Bridging the Rural-Urban Divide in Developing Countries: SBI Youth for India Model
Sebastian Valiaparampil Joseph and Rakesh Gupta
Indian Institute of Management Indore, India
Kajari Mukherjee
Xavier Institute of Management & Entrepreneurship, India
Volume 13: 2018, pp. 381-402; ABSTRACT
Several volunteer projects have been designed and put to use in developing countries in an attempt to narrow the rural-urban divide. In most, people from developed economies worked in developing countries on projects typically designed to improve health and educational facilities. While these initiatives received some degree of success in homogeneous countries for example, in Africa and Latin America, they were of limited use in a heterogeneous country like India with its multiple cultures and multiple languages.
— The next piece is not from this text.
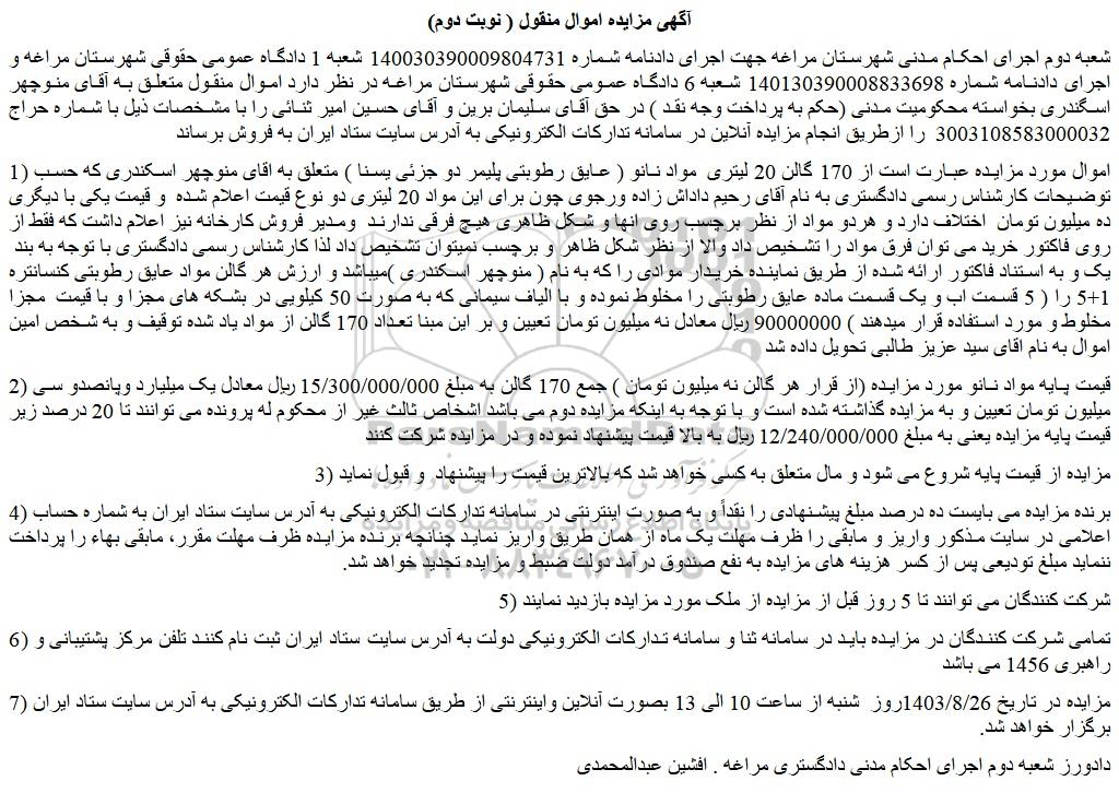 شعبه دوم اجرای احکام مدنی شهرستان مراغه جهت اجرای دادنامه شماره 140030390009804731 شعبه 1 دادگاه عمومی حقوقی شهرستان مراغه و اجرای دادنامه شماره 140130390008833698 شعبه 6 دادگاه عمومی حقوقی شهرستان مراغه در نظر دارد اموال منقول متعلق به آقای منوچهر اسگندری بخواسته محکومیت مدنی (حکم به پرداخت وجه نقد ) در حق آقای سلیمان برین و آقای حسین امیر ثنائی را با مشخصات ذیل با شماره حراج 3003108583000032 را ازطریق انجام مزایده آنلاین در سامانه تدارکات الکترونیکی به آدرس سایت ستاد ایران به فروش برساند

It became clear that it would be better for India to use its own citizens for volunteer work in rural communities. India’s largest Public Sector Bank, the State Bank of India (SBI) therefore initiated a rural fellowship program called SBI Youth for India (YFI) in 2010 to encourage the educated young to contribute to bridging the rural-urban divide. As opposed to other volunteer models, YFI had the potential to be readily replicated as it was resource-thin yet impact-heavy. This case study describes the conceptualisation and implementation of YFI and the challenges it faced in its initial years. The challenge for students is how to scale up the program more widely in India and for other developing countries to take note and replicate.